Capítulo 6

ㅡ Quantos discos interessantes... ㅡ Ingrid comentou enquanto deslizava os dedos calmamente sobre os mesmoes e ingeria o café presente em sua caneca ㅡ The Beatles, Rolling Stones,  Queen...

ㅡ São minhas relíquias ㅡ Théo, o rapaz com quem passou a noite disse, enquanto a abraçava por trás. ㅡ Sempre que viajo os carrego comigo, pois a música me faz relaxar.

A noite havia sido agradável e satisfatória para ambos, há tempos Ingrid não se sentia tão relaxada. Ela acabou passando a noite no hotel mesmo, pois já estava tarde para voltar para casa.

ㅡ Tem um ótimo gosto musical. ㅡ ela expôs se virando para ele e depositou  sua caneca sobre a mesa de centro da sala, ficando na ponta dos pés e deixando um beijo em seus lábios.

ㅡ E você? Gosta de que tipo de música? ㅡ ele demonstrou curiosidade e interesse. Há tempos não se sentia tão entusiasmado sobre uma pessoa e a mulher à sua frente definitivamente era alguém que chamou sua atenção.

ㅡ Gosto do bom e velho MPB. Cresci ouvindo Tom Jobim, Chico Buarque, a incrível Elis Regina, Cazuza... enfim ㅡ deu de ombros ㅡ tive uma infância espetacular com ótimas influências artísticas.

ㅡ Consigo perceber isso. ㅡ ele sorriu de modo acolhedor.

Ingrid passou parte da manhã com Théo e não se arrependeu de nada, pelo contrário. No final ele fez questão de levá-la para casa e trocaram contatos para quem sabe saírem novamente.
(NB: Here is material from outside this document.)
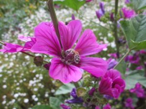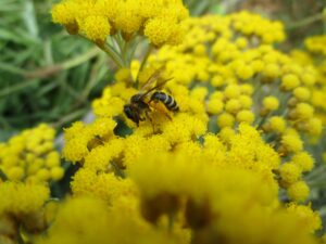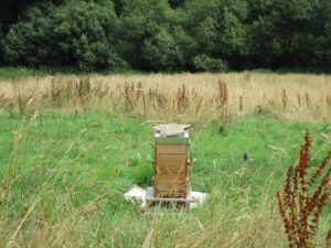 Il y a un essaim sauvage, en bas à la rivière mais nous avions envie d’avoir nos ruches. Pour avoir du miel et de la cire mais aussi pour le plaisir d’avoir ses abeilles. Nous devions avoir deux ruches mais la ruche Kényane n’a pas pu être essaimée. Nous avons quand même la Warré ! Ce sont des abeilles noires, que nous avons eu grâce à l’association « Les abeilles vertes du Trégor » (un grand merci à François !!). Elles sont bien arrivées au champ et s’éclatent dans les fleurs. C’est un vrai plaisir de les observer et de les avoir comme compagnes de cueillette !

ㅡ Então, de 0 a 10 o quão boa foi sua noite? ㅡ Manuela perguntou com curiosidade enquanto observava a colega de apartamento pintando a parede do quarto. Ingrid sentia que o tom rosa pastel não combinava mais com sua personalidade, então investiu em um vermelho intenso.

ㅡ Oito. ㅡ sorriu de modo ladino enquanto ajeitava os jornais no chão para que não caísse tinta no mesmo.

ㅡ Uau, então esse Théo é bom mesmo no que faz. O último lembro que você deu um seis. ㅡ riu enquanto descascava uma laranja e a observava trabalhar nas paredes.

ㅡ Sim, além de apaixonante ele é muito intenso e é mente aberta o que o levou a topar quase tudo que sugeri na cama, o que me surpreendeu. Não é todo dia que encontramos alguém assim. ㅡ Disse misteriosa e ambas riram.

ㅡ Ele é tão interessante assim que te fez esquecer o Matthis? ㅡ Manuela não se controlou e perguntou.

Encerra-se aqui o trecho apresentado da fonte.